On July 3, 1778, Loyalist commander Colonel Butler led his Rangers accompanied by a force of Senecas and Cayugas (led by Sayenqueraghta) in an attack on Pennsylvania’s Wyoming Valley (a rebel granary and settlement along the Susquehanna River near Wilkes-Barre), practically annihilating 360 armed Patriot defenders lured out of their defenses at Forty Fort.
In September 1778, revenge for the Wyoming defeat was taken by American Colonel Thomas Hartley who, with 200 soldiers, burned nine to twelve Seneca, Delaware and Mingo villages along the Susquehanna River in northeast Pennsylvania, including Tioga and Chemung. At the same time, Butler’s Rangers attacked German Flatts in the Mohawk Valley, destroying all the houses and fields in the area. Further American retaliation was soon taken by Continental Army units under William Butler (no relation to John Butler) and John Cantine, burning the substantial Indian villages at Unadilla and Onaquaga on the Susquehanna River.
On November 11, 1778, Loyalist Captain Walter Butler (the son of John Butler) led two companies of Butler’s Rangers along with about 320 Iroquois led by Cornplanter, including 30 Mohawks led by Joseph Brant, on an assault at Cherry Valley in New York. While the fort was surrounded, Indians began to massacre civilians in the village, killing and scalping 16 soldiers and 32 civilians, mostly women and children, and taking 80 captive, half of whom were never returned. In vain, Brant, who was blamed for the attack, actually tried to stop the rampage. The town was plundered and destroyed.
The Cherry Valley Massacre convinced the American colonists that they needed to take action.

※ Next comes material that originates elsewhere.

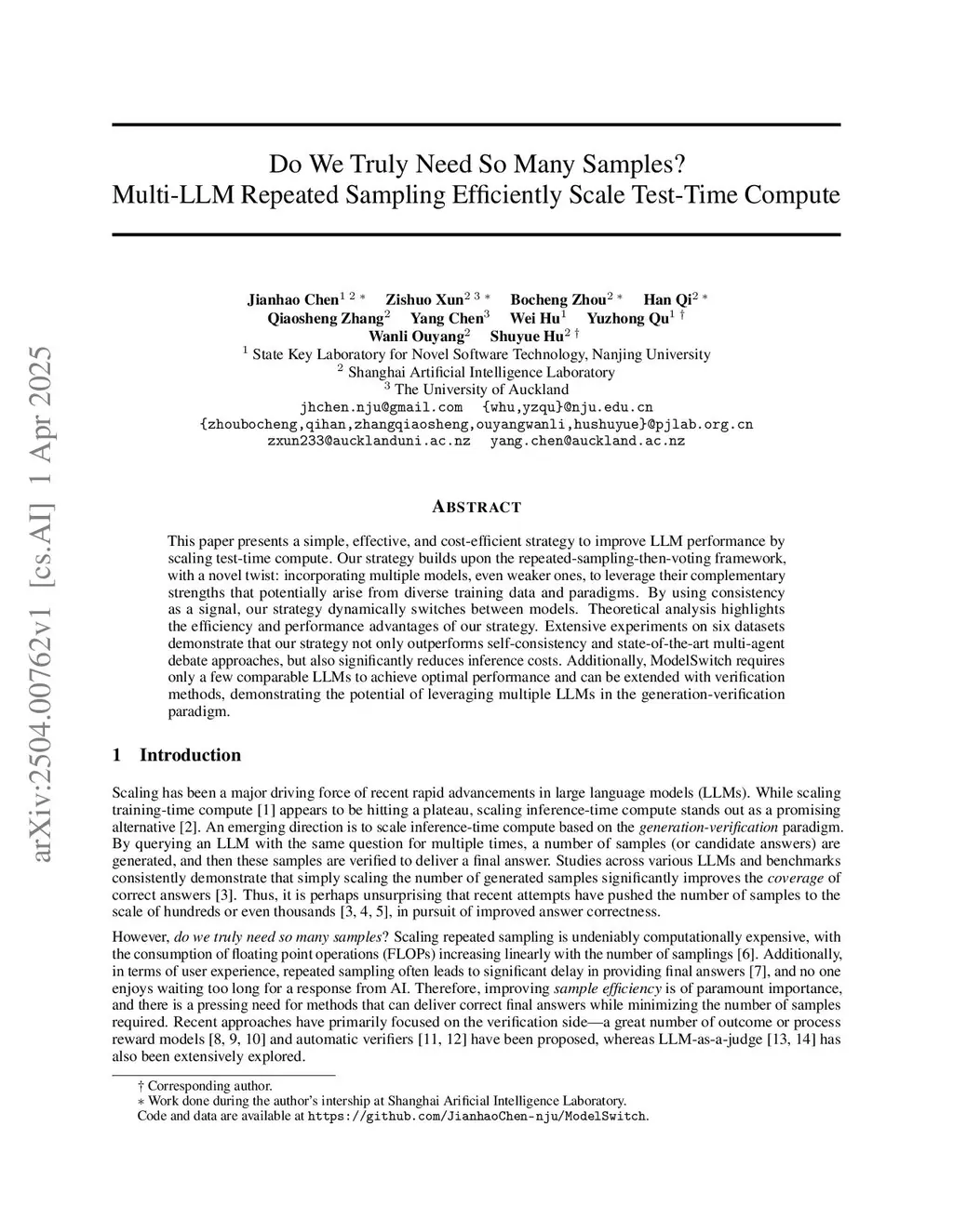 Do We Truly Need So Many Samples? Multi-LLM Repeated Sampling Efficiently Scales Test-Time Compute
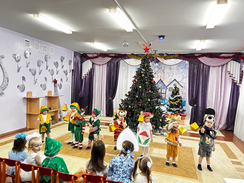 Ребята с удовольствием водили хороводы, пели полюбившие песни, танцевали. А елка радовала деток сверкающими огоньками. Праздник для дошколят получился веселым и интересным.

In April 1779, American Colonel Van Schaick led an expedition of over 500 soldiers against the Onondaga, destroying several villages. When the British began to concentrate their military efforts on the southern colonies in 1779, Washington used the opportunity to launch a larger planned offensive towards Fort Niagara. His initial impulse was to assign the expedition to Major General Charles Lee, but he, Major General Philip Schuyler, and Major General Israel Putnam were all disregarded for various reasons. Washington first offered command of the expedition to Horatio Gates, the “Hero of Saratoga,” but Gates turned down the offer, ostensibly for health reasons. Major General John Sullivan, fifth on the seniority list, was offered command on March 6, 1779, and accepted. Washington’s orders to Sullivan made it clear that he wanted the Iroquois threat completely eliminated:
Orders of George Washington to General John Sullivan, at Head-Quarters (Wallace House, New Jersey) May 31, 1779
The Expedition you are appointed to command is to be directed against the hostile tribes of the Six Nations of Indians, with their associates and adherents. The immediate objects are the total destruction and devastation of their settlements, and the capture of as many prisoners of every age and sex as possible. It will be essential to ruin their crops now in the ground and prevent their planting more.

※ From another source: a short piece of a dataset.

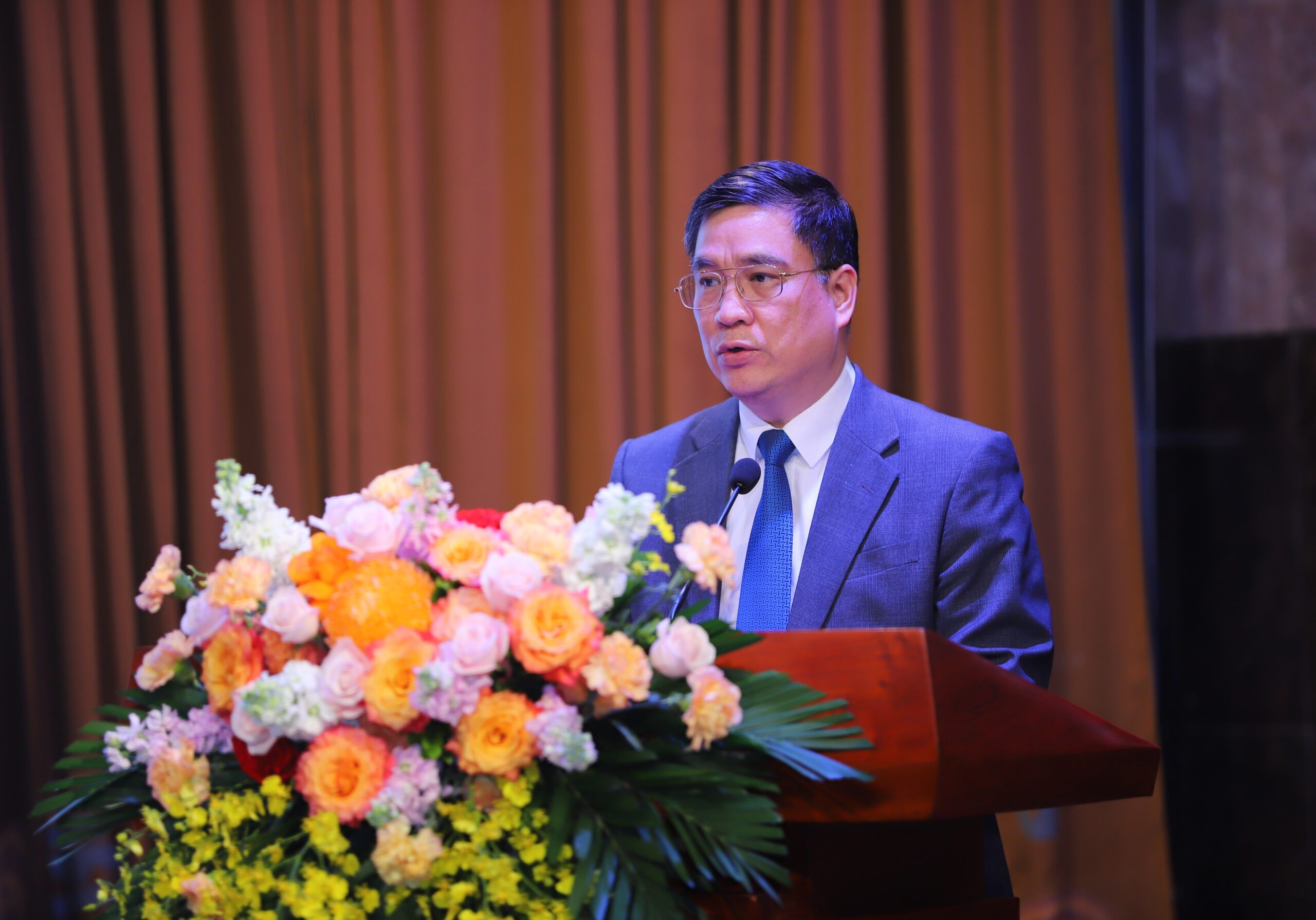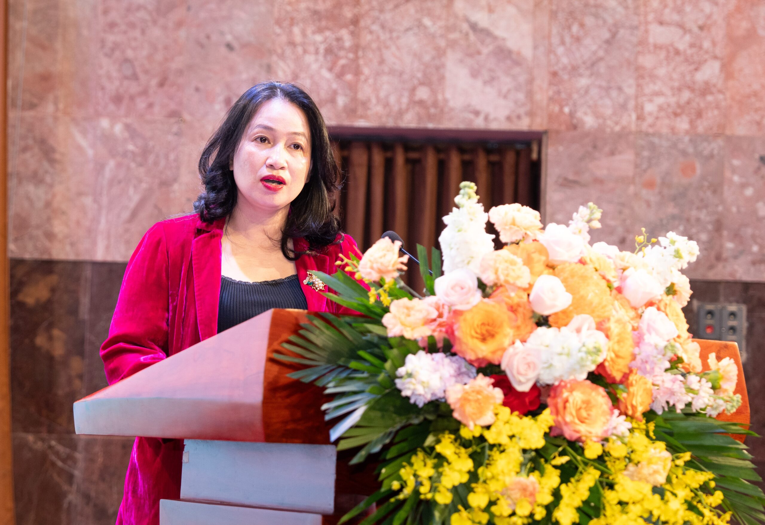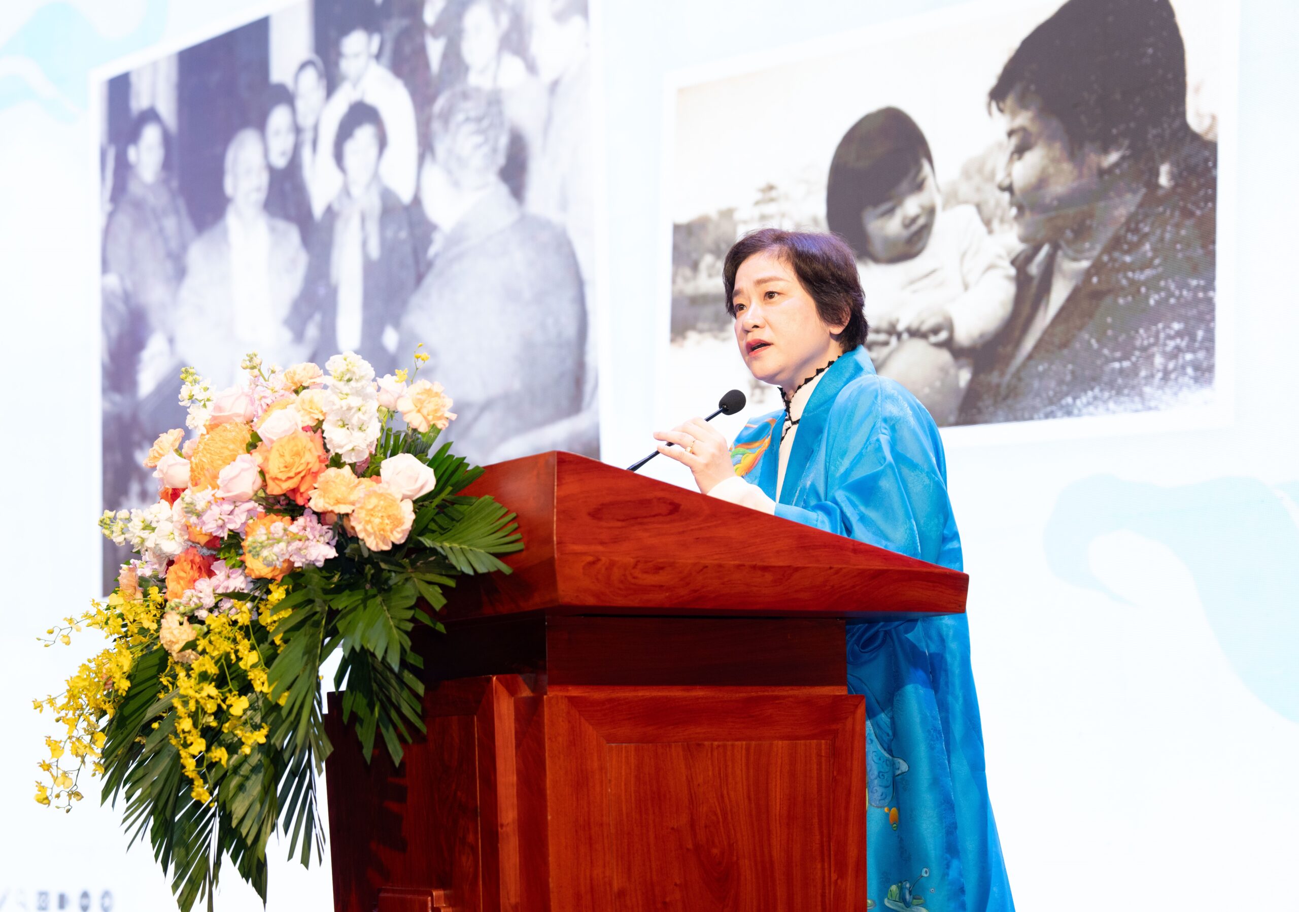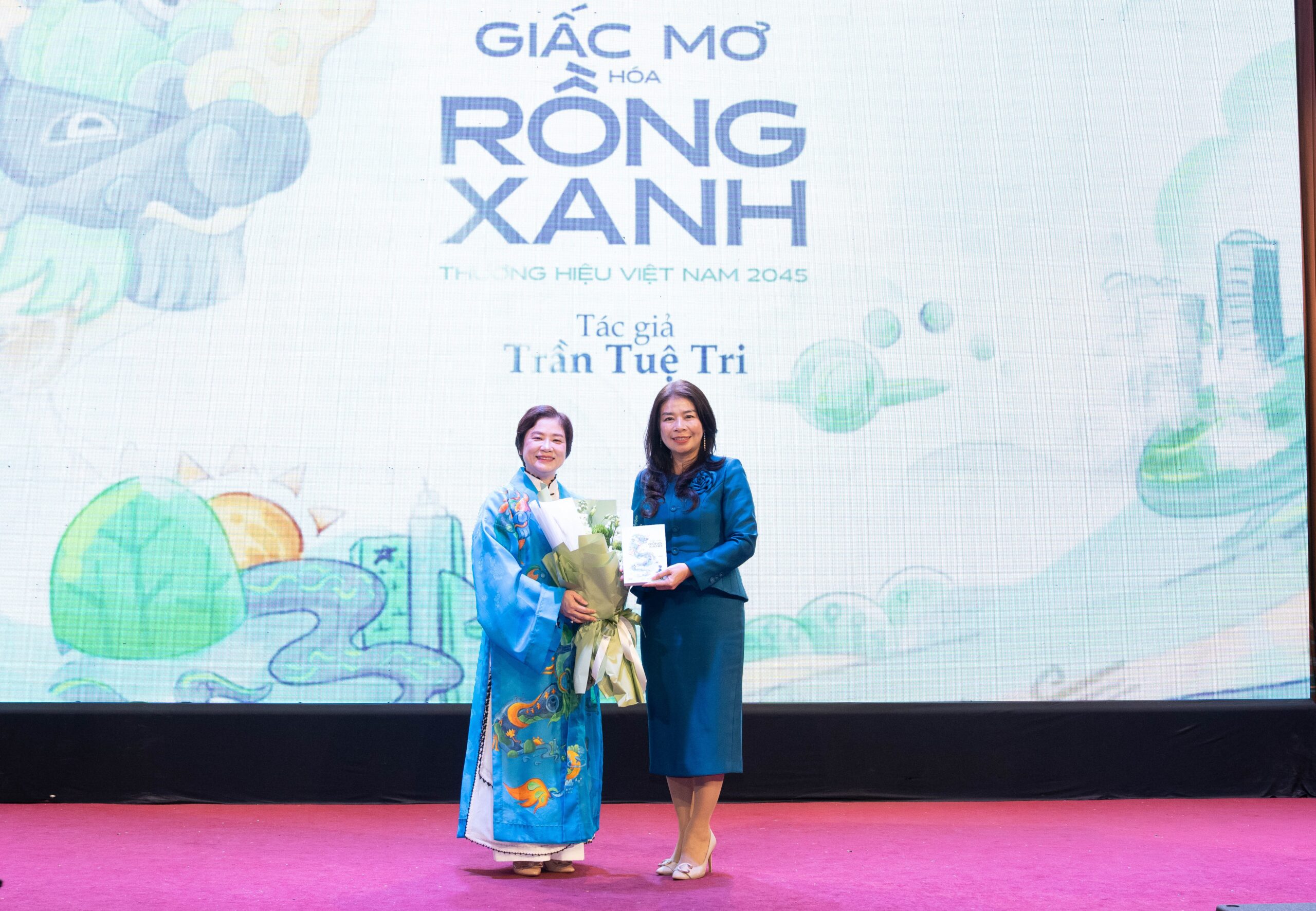 TS. Lê Thu Hà – Phó Chủ nhiệm Văn phòng Quốc hội tặng hoa chúc mừng tác giả Trần Tuệ Tri ra mắt cuốn sách “Giấc mơ hóa Rồng Xanh – Thương hiệu Việt Nam 2045”.
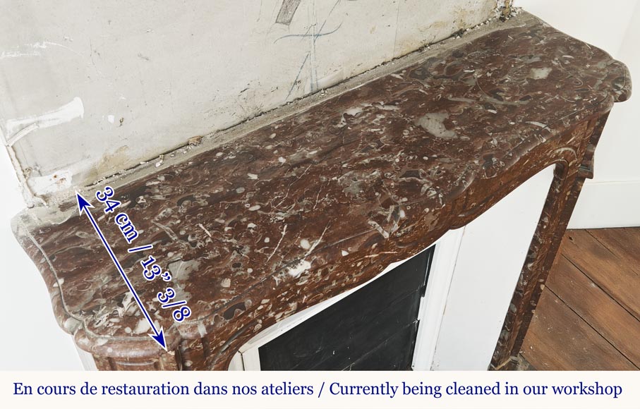 Cheminée de style Louis XV modèle Pompadour plate, en marbre rouge du Nord

I would recommend, that some post in the center of the Indian Country, should be occupied with all expedition, with a sufficient quantity of provisions whence parties should be detached to lay waste all the settlements around, with instructions to do it in the most effectual manner, that the country may not be merely overrun, but destroyed.
But you will not by any means listen to any overture of peace before the total ruinment of their settlements is effected. Our future security will be in their inability to injure us and in the terror with which the severity of the chastisement they receive will inspire them.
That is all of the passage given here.